I’m hungry! The phrase that a mother of two boys hears almost constantly. Are they really starving? No. Do they (or we for that matter) really know what it is truly like to be starving? No. On Tuesday, we visited New Ross and the Dunbrody. http://www.dunbrody.com
The Dunbrody is a replica of a ship that was used during the Irish Potato Famine to transport people to America and Canada. When we entered the museum shop to pay our admission we were each given a “ticket” for our passage to America. It was filled with a great deal of information about how much we paid to travel and what type of rations we could expect. Of course, none of us rated a first class ticket. The docent then made it come to life!
We started in a small museum that was had a lot of information about the famine along with personalized accounts from various people affected by the famine.
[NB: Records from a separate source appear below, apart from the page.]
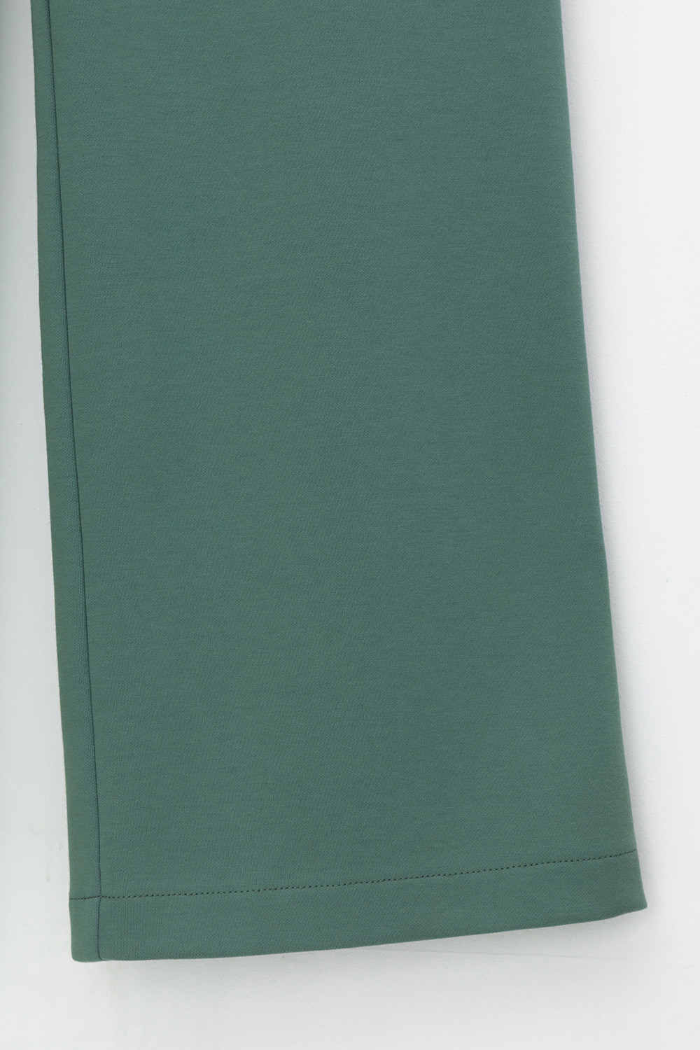 Свободные женские брюки с боковыми карманами из плотного гладкого трикотажа интерлок. Застегиваются на молнию и кнопку. Низ обработан плоскими швами.
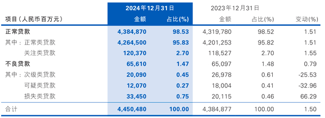 业绩下滑的同时,资产质量的恶化趋势不容乐观。数据显示,截至2024年末,民生银行不良贷款总额656.10亿元,比上年末增加5.13亿元;不良贷款率1.47%,比上年末下降0.01个百分点。表面上,民生银行2024年不良贷款率为1.47%,与2023年的1.48%相比略有下降,但内部数据却显示风险仍在加剧。损失类贷款激增66%至334.5亿元,房地产贷款不良率攀升至5.01%。
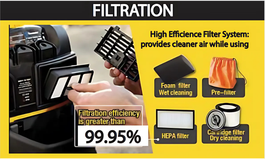 TRIPLE FILTRATION, ON BOARD ACCESSORY STORAGE AND A LARGE DUST-SELAED ON/OFF SWITCH.
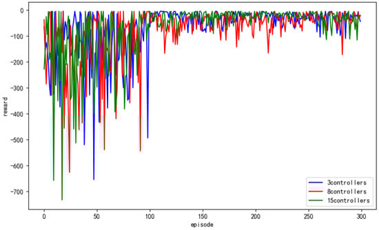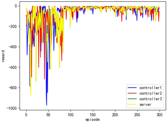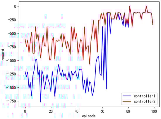 The intelligent agent of domain Controller 1 undergoes local environment training to generate a local experience memory. Once the experience memory storage is full, it is sent to domain Controller 2 to observe its effect on accelerating the training of intelligent agents within the domain. From Figure 12, it can be observed that the model in domain Controller 1 reaches convergence after approximately 70 iterations of training, while the intelligent agent in domain Controller 2 achieves convergence after around 40 iterations of training. This indicates that knowledge transfer can enhance the learning speed of intelligent agents. During the training process in domain Controller 2, the training data are not obtained through the interaction between the local intelligent agent and the environment; instead, they are provided by domain Controller 1. This reduction in the interaction process between the intelligent agent and the environment contributes to the acceleration of training. Therefore, the proposed federated reinforcement distillation-based intelligent routing algorithm can expedite the training process of intelligent agents within domains.
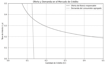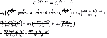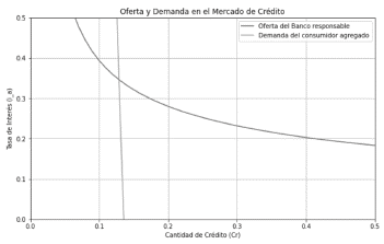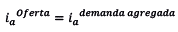 En economía, el equilibrio de oferta y demanda es importante para entender la dinámica de un mercado en específico, así como para validar la existencia de este. Para el caso del modelo planteado previamente, a continuación, se presenta el resultado de la igualación de la oferta y la demanda agregada, despejado en términos de tasas de interés:
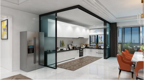 磁懸浮窄邊框隔斷門在廚房空間的應(yīng)用受到了眾多參展者的青睞,廚房空間的開放與封閉,可實現(xiàn)自如變換,家居設(shè)計的美感也很強(qiáng)烈,讓做飯之地變得從容自在。

I was amazed by a simple display that depicted the daily amount of potatoes that the average Irishman would consume. Wow! Armed with some information and a tour guide we headed out to the Dunbrody. It is a nice size boat….until you realized that 300 people or more would have called it home for 50 days while crossing the Atlantic.
Our group looked around the deck and then headed down to where the steerage passengers would have lived. We were able to find the bunks that our tickets were for. They looked okay until you saw that you would be sharing that little space with at least 3 other adults (sometimes more) and all of their worldly possessions! We “met” two women who described how horrific the conditions were on the ship. The lack of food. The lack of fresh air. The lack of privacy. The only thing not lacking was sickness and rats!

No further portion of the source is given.